On August 4, 2015, the Securities and Exchange Commission (the SEC) clarified a discrepancy in the interpretation of the securities laws regarding whether an individual who reports securities law violations must report misconduct to the SEC in order to constitute a “whistleblower,” who is entitled to protection under the anti-retaliation provisions in the 2010 Dodd-Frank Wall Street Reform and Consumer Protection Act (the Dodd-Frank Act).  Lawmakers are also now considering an extension of the time period within which the SEC must enforce violations of securities laws from the occurrence of such violations.

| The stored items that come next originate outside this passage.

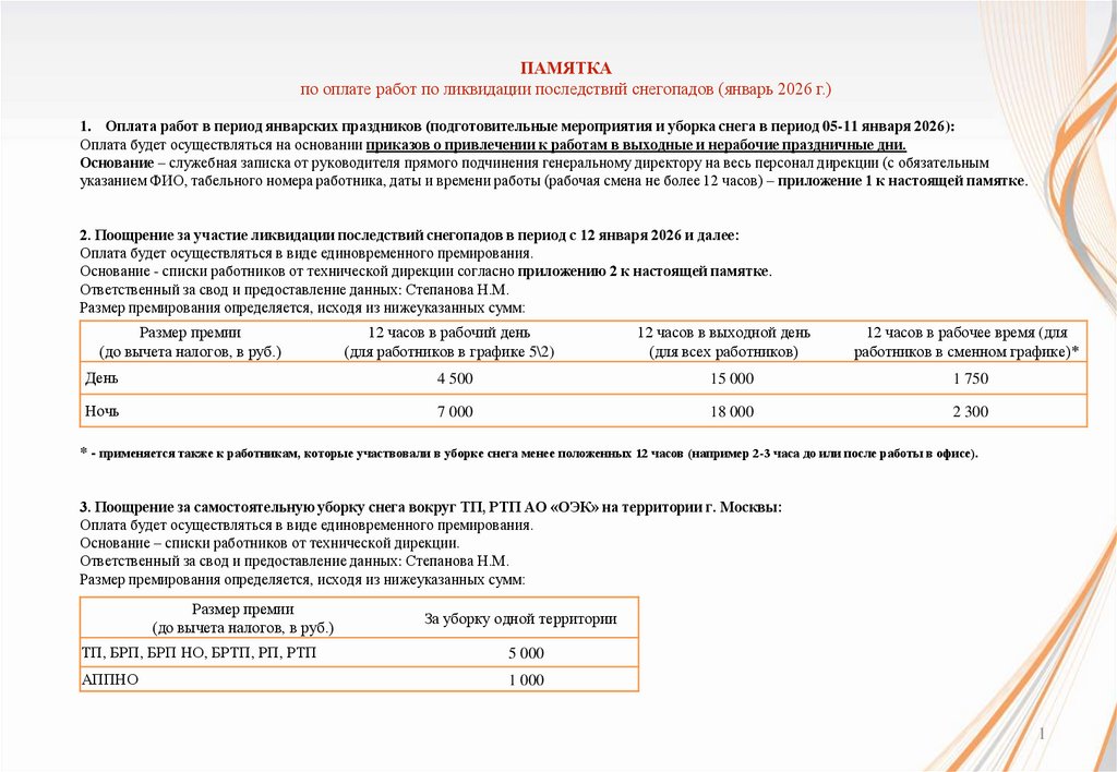 1. Оплата работ в период январских праздников (подготовительные мероприятия и уборка снега в период 05-11 января 2026):
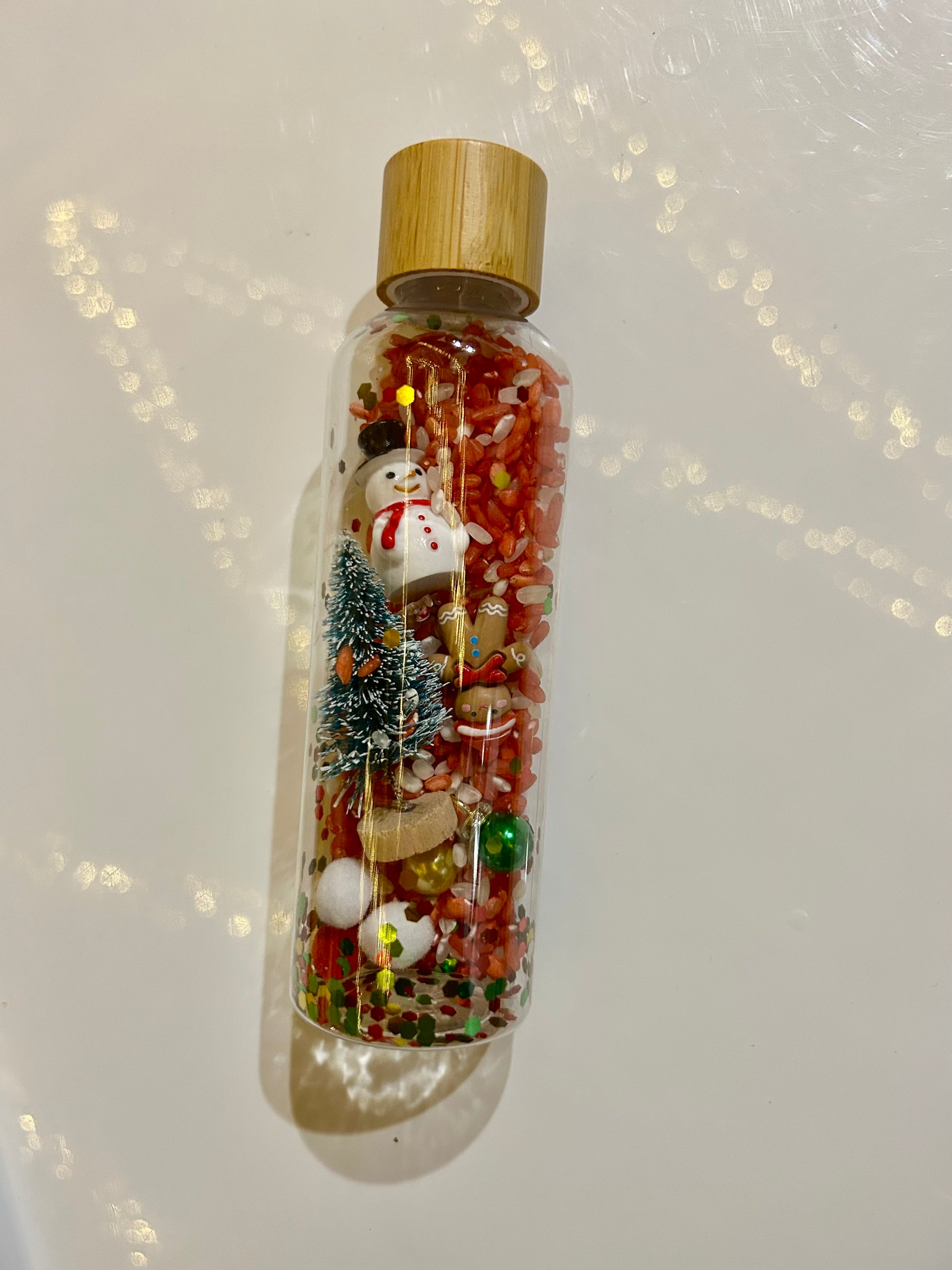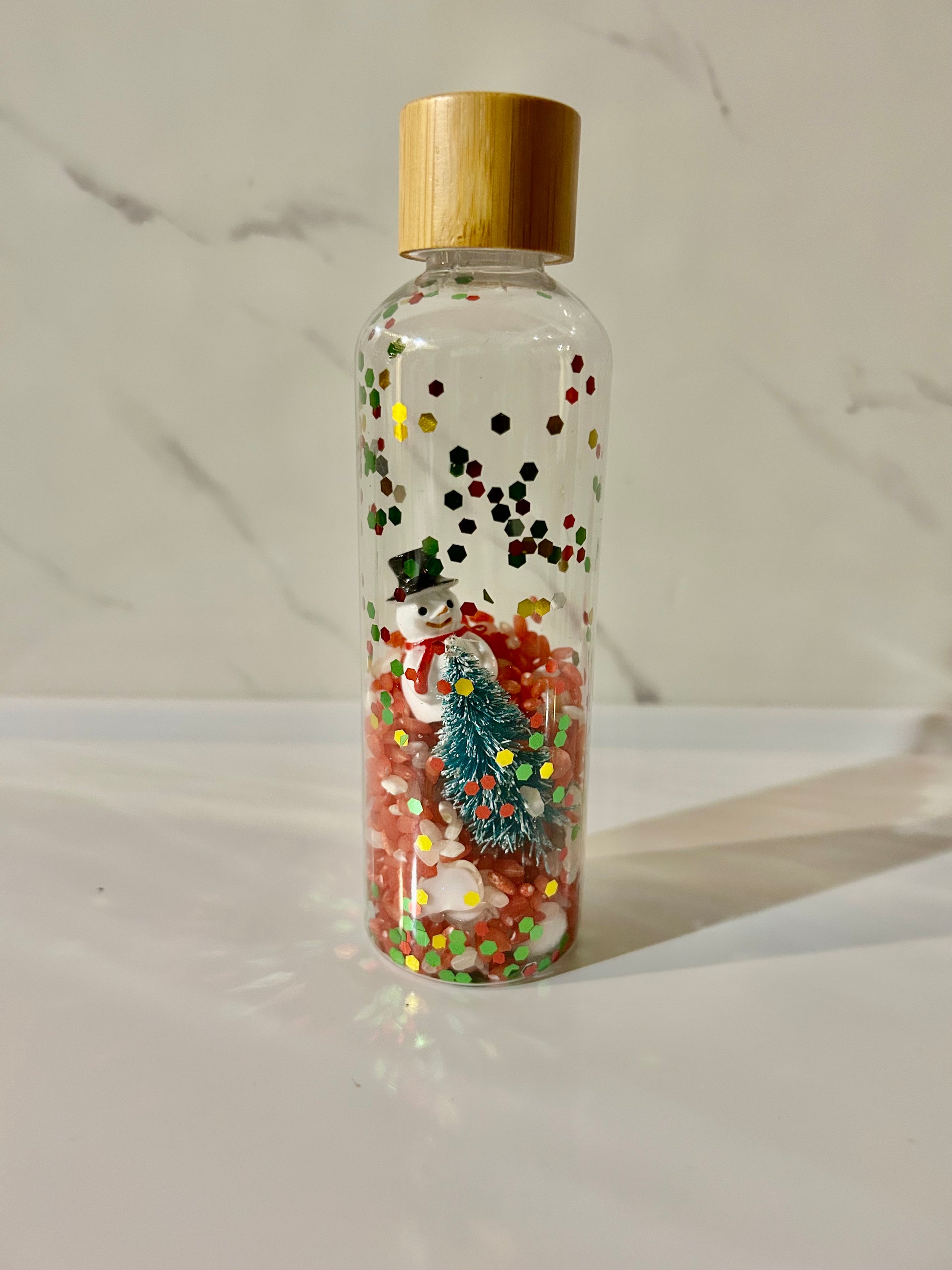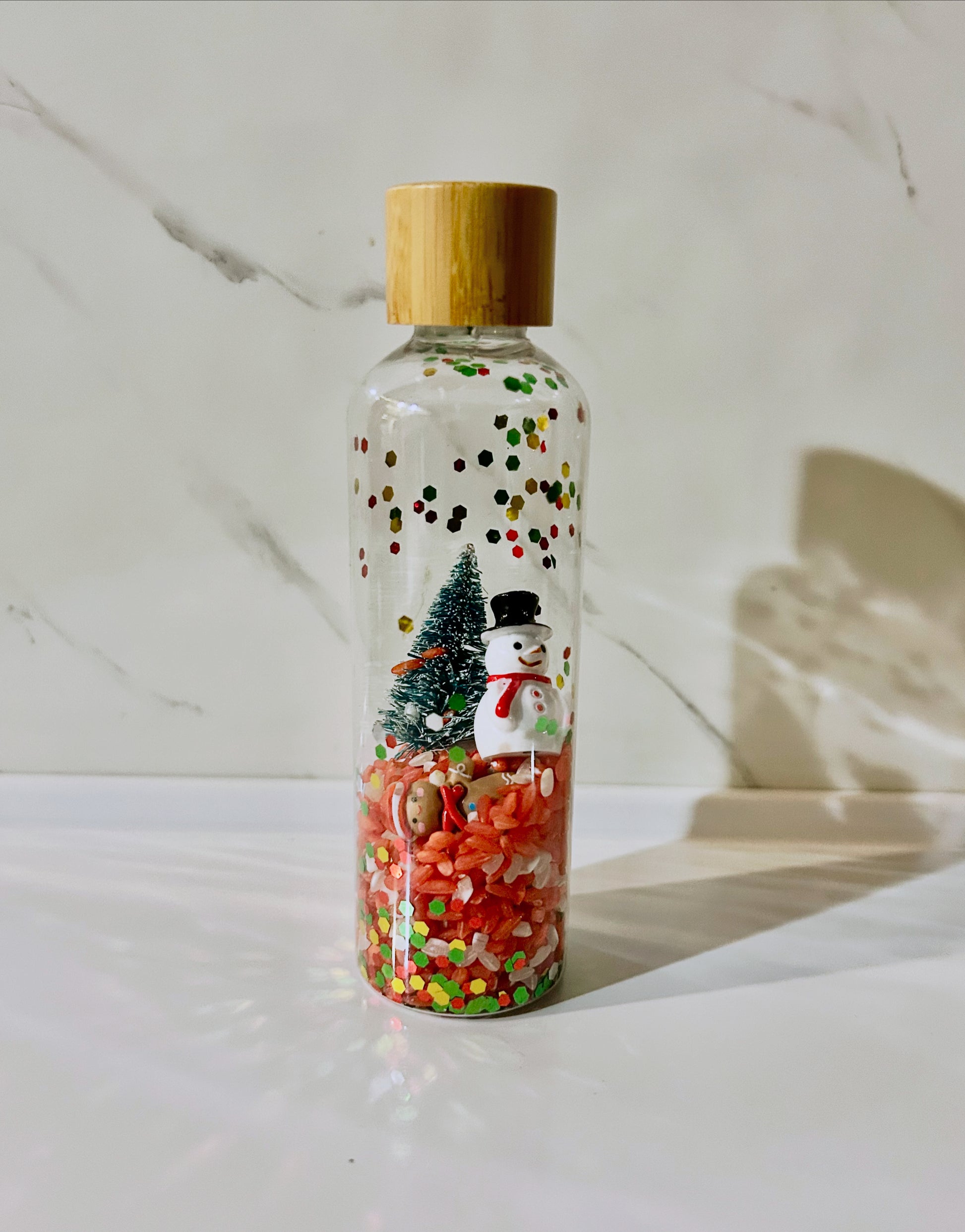 Cette création évoque la douceur d’un Noël traditionnel : un adorable bonhomme de neige, un petit sapin enneigé et des grains de riz colorés qui se déplacent doucement lorsqu’on manipule la bouteille.
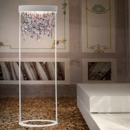 Торшер Masiero OLA STL2 в современном стиле из Италии. Основание из окрашенного металла доступно в 9 отделках: белый, бронза, золото, красный, латунь, медь, серебро, синий, чёрный. Подвески из разноцветного стекла.
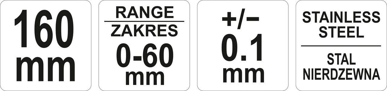 YATO Штангенциркуль для гальмівних дисків : l= 160 мм, з діап.- 0-60 мм, точн ± 0,1 мм, губки-55мм
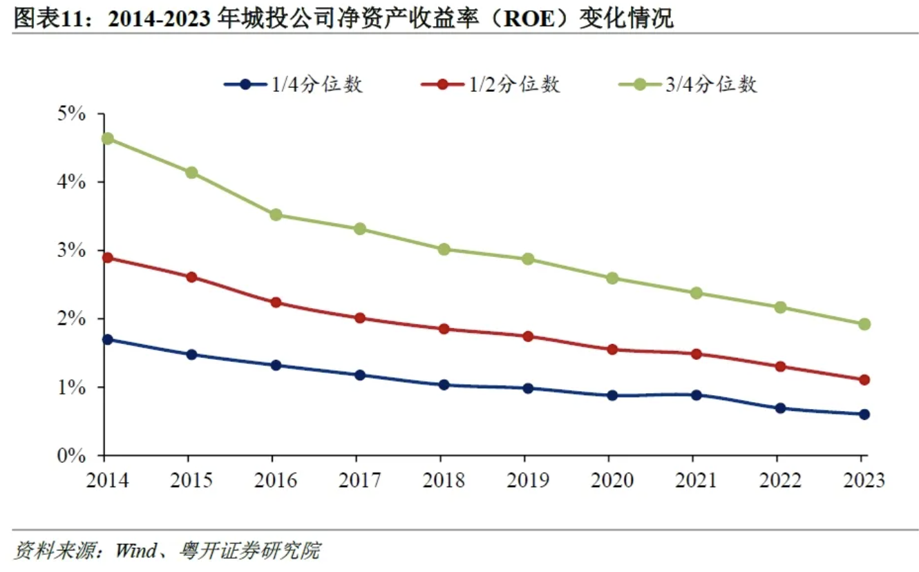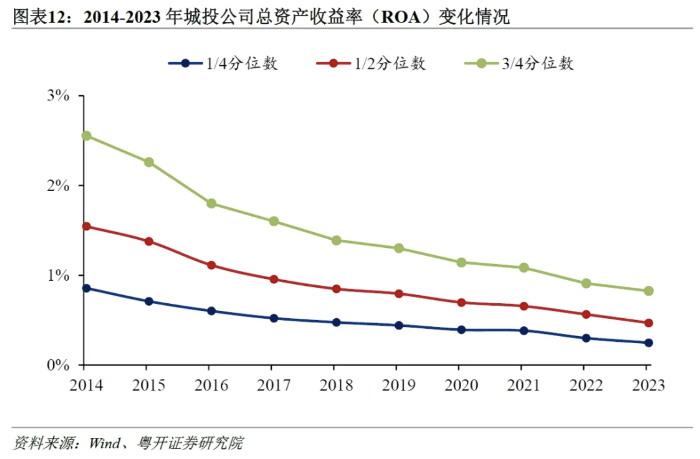 九是当前城投公司的盈利能力仍然较弱,净资产收益率和总资产收益率处于下降趋势。城投公司的盈利能力下滑主要来源于两方面的因素:一是主营业务特性,城投公司主要经营公路、桥梁、保障房等具有公益性质的项目,而这些项目普遍盈利能力较弱,难以产生足够的利润;二是近年来随着宏观经济下行以及房地产市场调整,城投公司的主营业务收入疲软,同时地方财政紧平衡态势下政府补贴减少,进一步削弱了城投公司的盈利能力。2023年城投公司净资产收益率(ROE)和总资产收益率(ROA)中位数分别下降至1.1%和0.5%,分别较2022年下降0.2和0.1个百分点。
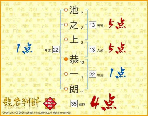 池之上恭一朗さんの総運は35画の4点!
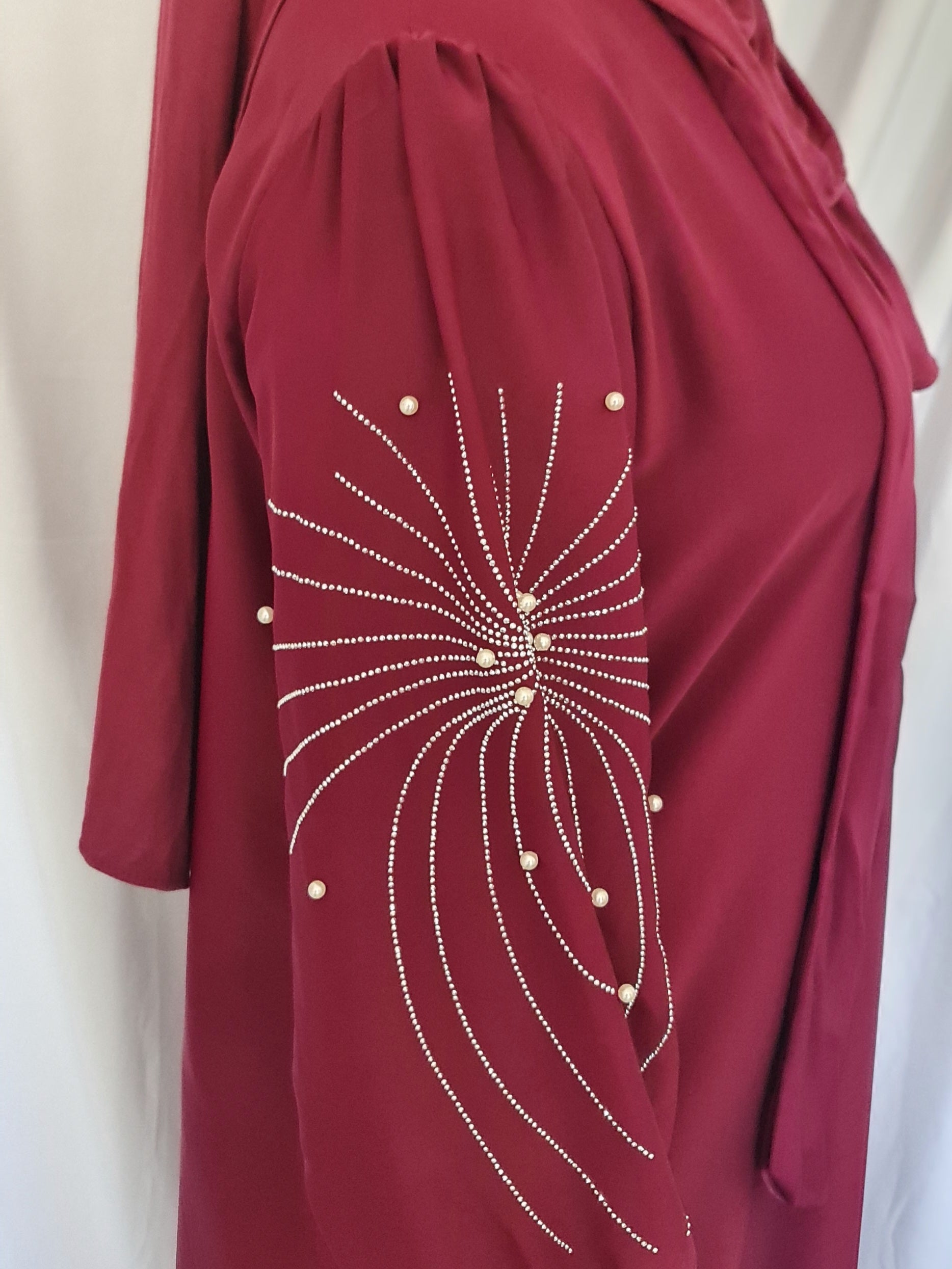 - Mangas de Impacto: Es el elemento central del diseño. Presenta un bordado de pedrería y perlas blancas en forma de estallido o motivo radial en la parte superior de la manga.
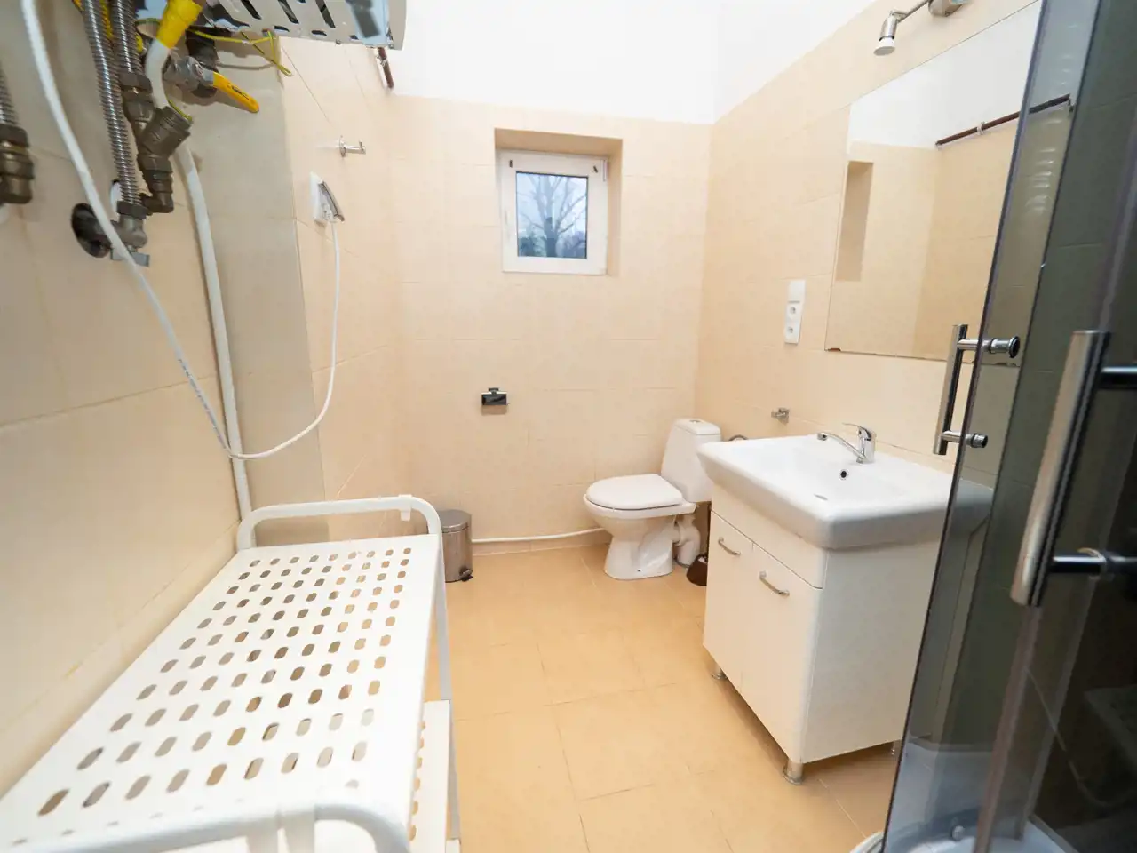 Heating and hot water provided by a dual-function gas boiler.

In its August 4, 2015 release, the SEC sought to resolve a discrepancy between the two definitions of “whistleblower” under the Dodd-Frank Act. The discrepancy arose as a result of one provision of the Dodd-Frank Act extending anti-retaliation protections to any “whistleblower” who reports a securities law violation internally and another provision defining a “whistleblower” as an individual who reports a securities law violation to the SEC.

The SEC noted that a “whistleblower” does not need to report a securities law violation to the SEC in order to be entitled to protection under the anti-retaliation provisions of the Dodd-Frank Act, and that the reporting of such violation to his or her employer is sufficient to be entitled to such anti-retaliation protection.  However, the release also clarified that a “whistleblower” must still report a securities law violation to the SEC in order to be entitled to whistleblower awards and confidentiality under the Dodd-Frank Act.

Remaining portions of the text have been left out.